At Henley they mostly drink Pimms No 1 Cup, which is as vital to the regatta's success as jet fuel is to the British Airways Boeing 747 that had carried us all to England.For reasons that are lost in the mists of time, I was allowed to have one Pimms and then another, and the world soon took on a most pleasant hue. How warm the day was. How green the trees!

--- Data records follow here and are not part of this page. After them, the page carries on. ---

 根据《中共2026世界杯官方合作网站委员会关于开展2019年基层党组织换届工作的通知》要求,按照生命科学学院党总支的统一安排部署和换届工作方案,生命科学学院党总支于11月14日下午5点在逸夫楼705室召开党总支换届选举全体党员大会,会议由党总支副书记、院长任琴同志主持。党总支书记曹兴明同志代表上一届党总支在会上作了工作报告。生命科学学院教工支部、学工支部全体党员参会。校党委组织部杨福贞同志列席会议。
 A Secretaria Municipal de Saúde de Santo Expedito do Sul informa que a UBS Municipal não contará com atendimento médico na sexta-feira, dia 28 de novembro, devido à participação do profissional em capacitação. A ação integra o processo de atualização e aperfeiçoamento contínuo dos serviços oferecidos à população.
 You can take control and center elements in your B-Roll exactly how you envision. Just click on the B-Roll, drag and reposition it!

I lay on the afterdeck of the cramped little river cruiser on which we were staying and watched the puffy clouds scud past overhead in a royal blue sky. I was 16, comfortably numb, as the Pink Floyd song goes, and very, very happy, and I did not look back.Until now. This is the year of living dangerously, a year of no booze. The plan has been brewing for a while. It might be that Pimms no longer fills me with the same happiness that it did when I was 16. It might be fear of slavering hyenas at police roadblocks (and, no, Uber is not a long-term solution to going home pissed at night).
Or perhaps it's the hangovers - both real and metaphysical - and the headache and nausea and self-loathing that infuses - like bitters in a pink gin - a wasted (Ha! He said "wasted"!) day spent recovering in a hammock in the garden under the shrieking gaze of the loeries.

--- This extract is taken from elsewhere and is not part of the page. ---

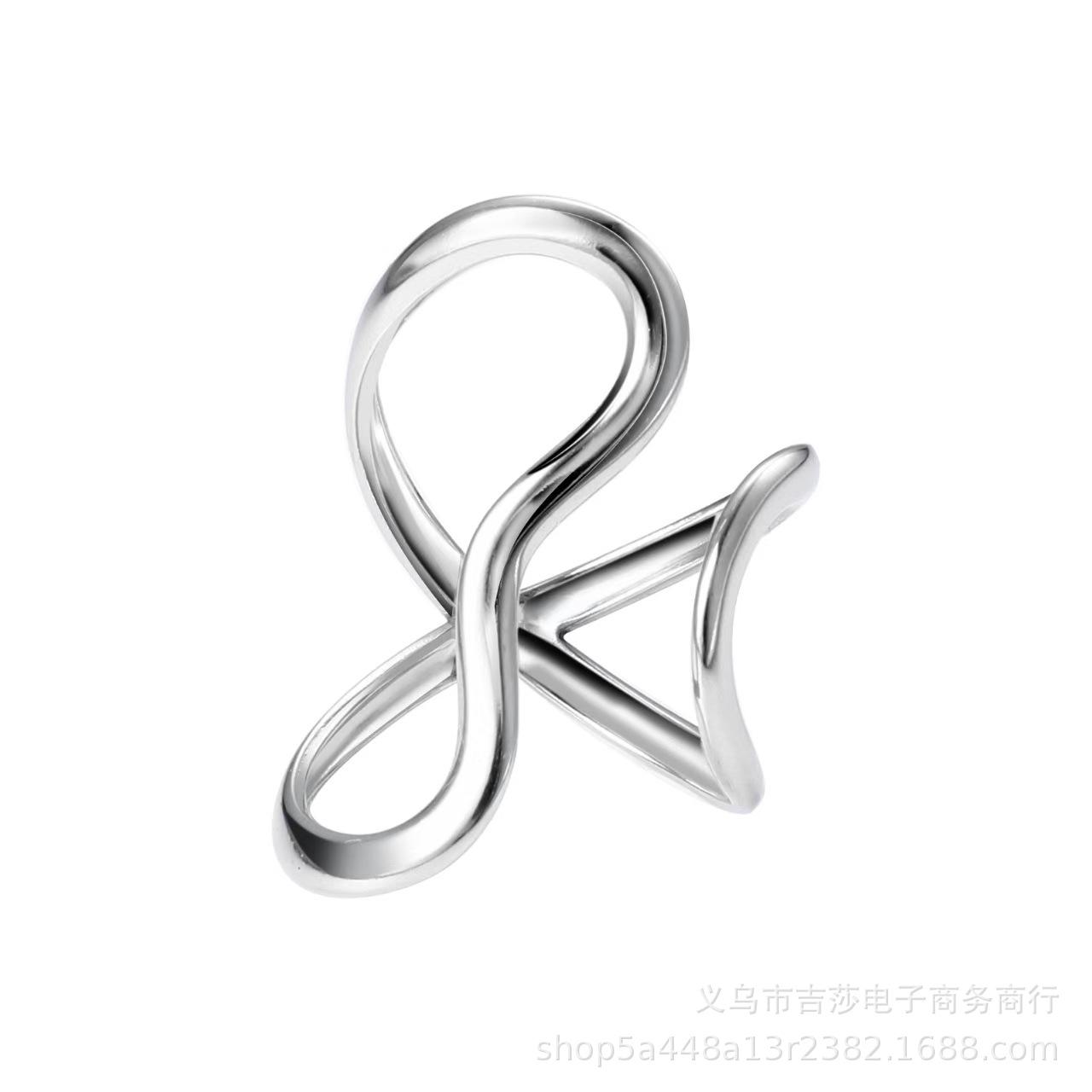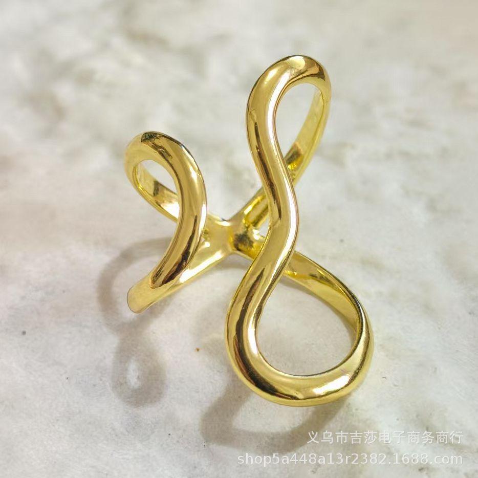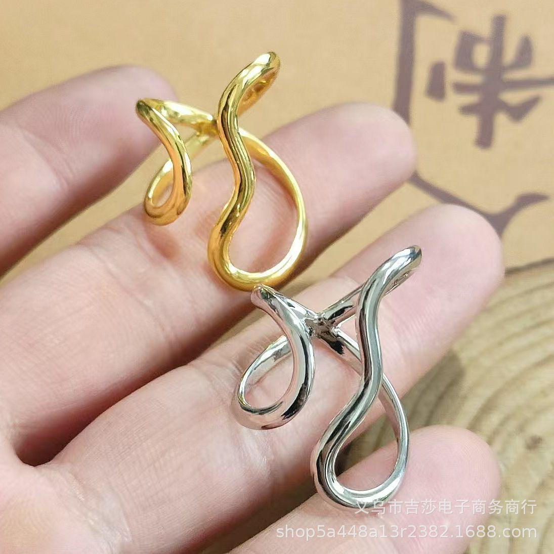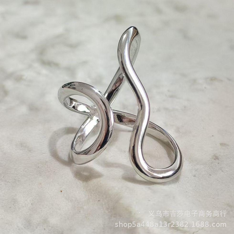 Anillo de Dedo Índice con Diseño de Línea Brillante de Forma Especial Transfronterizo, Anillo Abierto de Aleación de Estilo Frío Simple Exagerado Personalizado
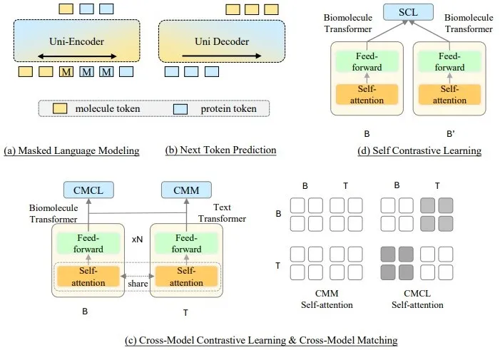 (c)跨模态对比学习(CMLM)和跨模态匹配(CMM)是专门为跨模态整合定义的两种表示学习方法,首次出现在BLIP2中。这两种训练方法的区别在于自注意力机制的不同关注方式。具体来说,在CMM中,生物分子标记(B)和文本标记(T)互相关注,而在CMCL中,B和T只关注各自的标记。

At a 50th birthday in the closing days of the year, a friend from my London days gave me a hug and said: "How nice to see you on form! You always could put it away."
There's nothing quite as sobering as an old friend telling you that you're, erm, unsober.Quitting the bottle is an interesting thing. Stop smoking and people pat you on the arm and say "well done!". Tell them you're not drinking and they look at you like a dog that just relieved itself on the carpet.
There have been some highlights, though. I took all the never-used champagne flutes and martini glasses - a set of six works of art - to the local charity shop. It was Saturday and I had not shaved and it is some time since I had had a haircut. I may, in fact, have looked as if I was just back from a night on the lash. "Here we go," I said to the volunteer at the shop, "I'm cleaning out all our old glasses. We don't need these anymore."
She gave me a kind smile. "One day at a time," she said.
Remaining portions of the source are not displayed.